The following scheme of metchnikovellid infection can be suggested: a primary host (a polychaete) consumes a spore sac. The plug of the sac opens in the intestine, then the spores released from the sac infect the primary parasites (the gregarine trophozoites) in the gut lumen (Figure 5). The role of free spores in the primary infection is not clear. It is not established if they can survive in the environment for a time, sufficient to be consumed by a super-host (annelid worm).
The mechanism of metchnikovellid invasion via spores is not yet known. In microsporidia with the classic invasion apparatus, the polar tube everts after discharge, interacts with the plasma membrane of the host cell, and causes its invagination, the “invasion synapse”, at the site of the contact. In this invagination, the polar tube can either penetrate the plasma membrane or interact with it. In the first case, penetration of the plasma membrane results in its local disruption and injection of the sporoplasm (an invasive onset of microsporidia), so it occurs in direct contact with the host cytoplasm. In the second case, the sporoplasm itself interacts with the host plasma membrane, forcing it to initiate phagocytosis. It leads to the formation of a parasitophorous vacuole derived from the host plasma membrane, which surrounds the sporoplasm [58]. There are two hypotheses on the ways of penetration of the metchnikovellid sporoplasm into the gregarine cell. The direct injection of short and wide manubrium through thick gregarine pellicle can hardly happen mechanically [29]. It can be proposed that manubrium adheres to the pellicle and excretes enzymes (that could be stored in the vesicles in the lamellar fold at the posterior end of manubrium). These enzymes disintegrate the pellicle and then the sporoplasm is injected into the host cell cytoplasm. According to an alternative idea, the sporoplasm causes invagination of the host plasma membrane in the contact zone between the manubrium and the area of the gregarine micropore characterized by thinned pellicle [30,34]. It should be noted that archigregarines S. pygospionis and eugregarines P. pygospionis have numerous micropores on their cell surface, at the bottom of cortical grooves and on the sides of epicytic folds, respectively [55,56]. A similar mechanism of invagination of the host plasma membrane in the contact zone between the penetration tube and the host cell (a kind of invasion synapse) is suggested for aphelids, holomycotan parasitoids of algae, closely related to fungi, and Rozella spp., parasitoids of zoosporic fungi and oomycetes, closely related to microsporidia [59].

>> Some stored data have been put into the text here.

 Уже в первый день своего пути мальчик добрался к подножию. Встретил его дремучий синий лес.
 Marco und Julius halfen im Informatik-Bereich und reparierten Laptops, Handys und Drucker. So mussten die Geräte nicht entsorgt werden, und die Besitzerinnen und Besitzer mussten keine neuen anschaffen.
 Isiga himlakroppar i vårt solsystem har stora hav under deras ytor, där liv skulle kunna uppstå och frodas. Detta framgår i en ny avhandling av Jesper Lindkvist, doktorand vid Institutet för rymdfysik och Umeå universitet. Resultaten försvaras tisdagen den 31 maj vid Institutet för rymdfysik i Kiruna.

After invasion, rapid proliferation of parasites starts in the cytoplasm of gregarine cell, followed by sporogony. The free sporogony usually precedes the sac-bound one. Free spores are most probably responsible for auto-invasion of the infected gregarine at the early stages. When the gregarine filled with spores breaks, free spores disperse in the gut and may infect other gregarines. This is the hypothetical mechanism of the primary dispersion within the infrapopulation of gregarines. Subsequent infections lead to production of free spores and spore sacs for accumulation of invasive onset. It is possible that the type and rate of sporogony vary according to the capacity of the gregarine host. Spore sacs disperse into the environment through the intestine of the primary host after gregarine death, while free spores can continue spreading infection within the infrapopulation. Certainly, a fraction of free spores also appears in the environment, but their further fate is not clear. Thus, the general strategy for metchnikovellid infection is a passive horizontal dispersion, involving both the environment and the primary host. Infection requires the retention of the invasive onset, the spore sacs, in the biotope. The primary host (a polychaete) must have a secondary host (the gregarines) in its intestine to carry out the metchnikovellid life cycle.

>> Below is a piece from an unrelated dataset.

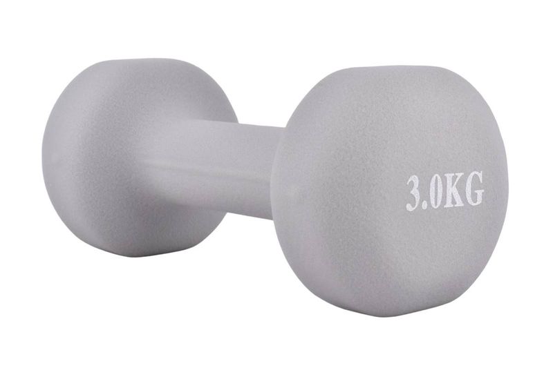 Mancuerna de 3 kg con recubrimiento de neoprene antideslizante. Entrená fuerza y tonificá en casa. ¡Cómprala en Ferniplast.com!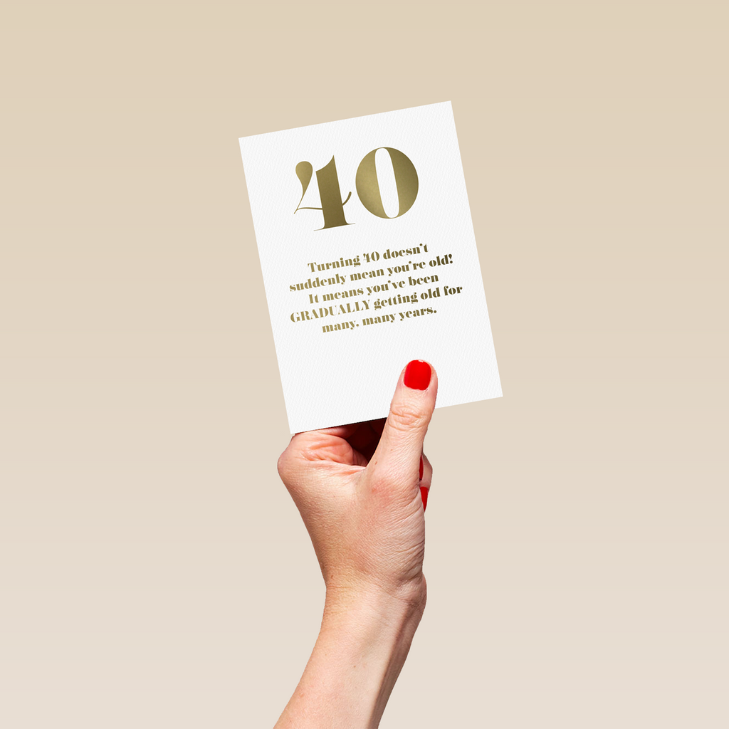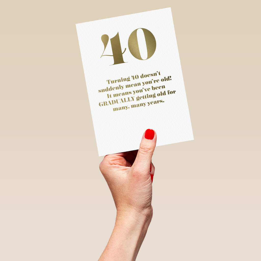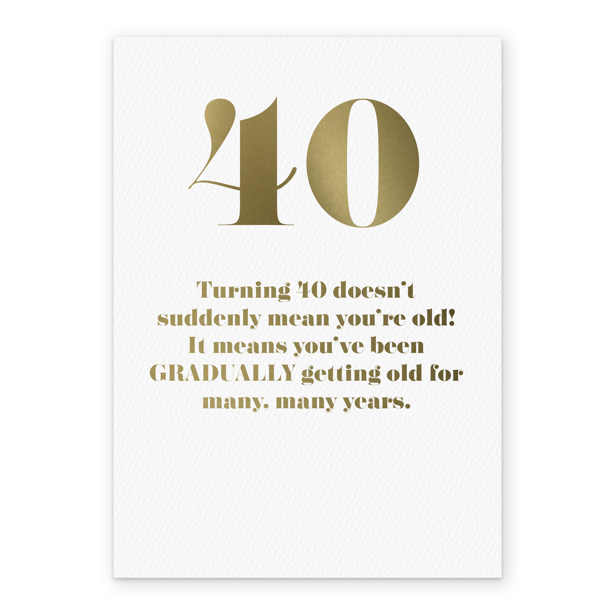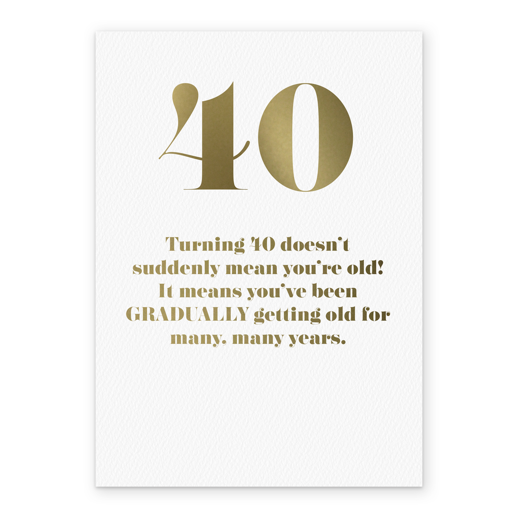 Printed on premium-quality board, this card features a large number forty and contemporary gold text on a white background, with the message 'Turning 40 doesn't suddenly mean you're old! It means you've been GRADUALLY getting old for many, many years.', and comes complete with a co-ordinating white envelope.

Besides the apparent complexity of this parasitic system, another characteristic of metchnikovellids is high diversity. In about ten years of studies and observations made in several locations, we reisolated one and discovered three new species and showed that one gregarine species can be a host for at least two metchnikovellid species. In fact, we mentioned several more species of metchnikovellids from other hosts in these habitats, which have not yet described systematically. It is even hard to predict how many more new species might be found in the case of targeted, wider-scale studies. Evidently, the number of metchnikovellid species is much higher than the ca 30 species currently known.

7. Conclusions

Metchnikovellids from the gregarines parasitizing Pygospio elegans are unevenly distributed in the populations of polychaetes and the infection outbreaks occur sporadically, which is usual for this group of hyperparasites. The prevalence of metchnikovellid infection is low. That is why the diversity of metchnikovellids remains heavily underexplored. The more we study the parasite fauna of gregarines from a certain primary host species, the more hyperparasite species we find. It is likely that there are a lot of yet-unknown metchnikovellid species that await discovery.

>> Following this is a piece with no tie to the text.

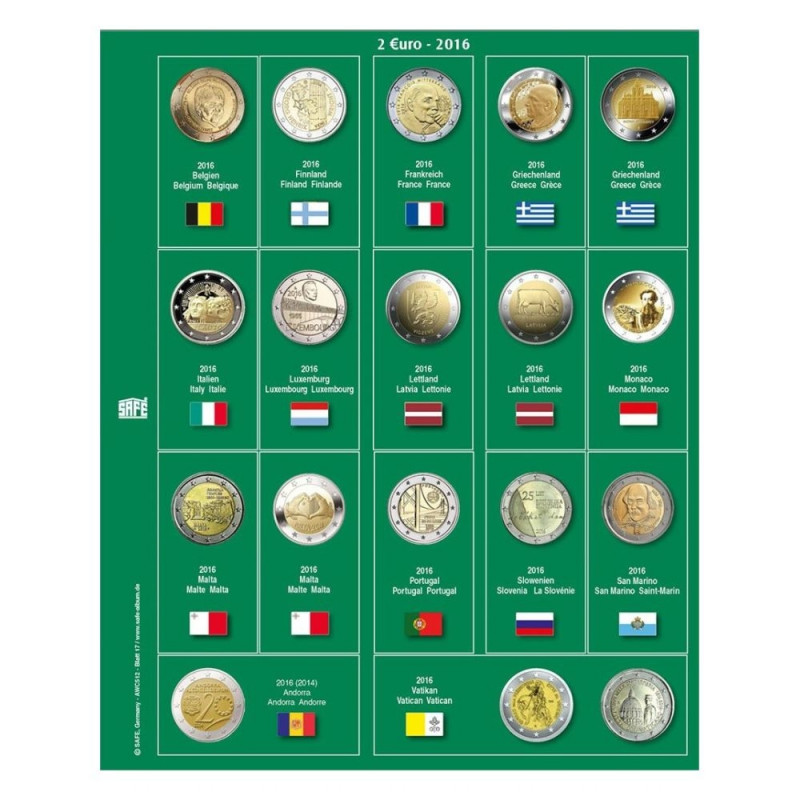 SAFE Premium mündialbum 2€ - köide 3-5 lisalehed

It remains unclear whether there is a limit to the number of species of metchnikovellids that can parasitize a particular gregarine species. Host range is one of the traits traditionally used for identification of metchnikovellids. However, we have shown that one super-host (e.g., polychaete) can harbor an infrapopulation of gregarines infected with several metchnikovellid species. Therefore, it is crucial to complement morphological traits with molecular and ecological data for descriptions of a new species. Proliferative stages should be identified at the molecular level to get the correct data on the prevalence of metchnikovellid infection.
Different metchnikovellid species parasitizing the same gregarine host demonstrate diverse morphological traits and developmental patterns. They can apply two alternative strategies of development: production of spore sacs and free spores either in direct contact with the gregarine cytoplasm or within the vacuole. In the first case, spore production is so intensive that the hyperparasite completely occupies the cytoplasm of the gregarine cell and finally causes a rupture of the gregarine pellicle. If destruction of the host cell occurs too early, immature spores are released into the environment. In the case of species retaining parasitophorous vacuoles throughout the life cycle, the intensity of production of invasive stages is usually not so high, and integrity of the host cell is maintained until complete maturation of spores and spore sacs. Thus, the difference in prevalence and intensity of invasion by the hyperparasites seems to depend on their morphological and developmental features.
It is possible to suggest that some metchnikovellid species are more successful than others in different geographical sites and/or in different seasons of the year. Although co-occurring infections within the infrapopulation of gregarines can take place, mixed infections of the same gregarine cell with several metchnikovellid species have never been seen. Metchnikovellid infection is lethal to gregarines, so potentially these hyperparasites can control the density of gregarine population within the super-host preventing thus over-infection with gregarines in a single worm and its death. Thus, metchnikovellid infections stabilize the whole hyperparasitic system, being beneficial for all its members. It explains why such tripartite systems (polychaete—gregarine—metchnikovellid) are ubiquitous in certain marine environments.

8. Future Perspectives

Co-occurring (or mixed) infections of a gregarine infrapopulation with several metchnikovellid species deserve special attention in the future. How they affect the host and super-host survival, and if there is a competitive advantage for one of the metchnikovellid species, or if their interactions are synergetic, are the key questions for future studies. The answers to these questions may shed light on the diversification of metchnikovellids and co-evolution of gregarines and their hyperparasitic microsporidia.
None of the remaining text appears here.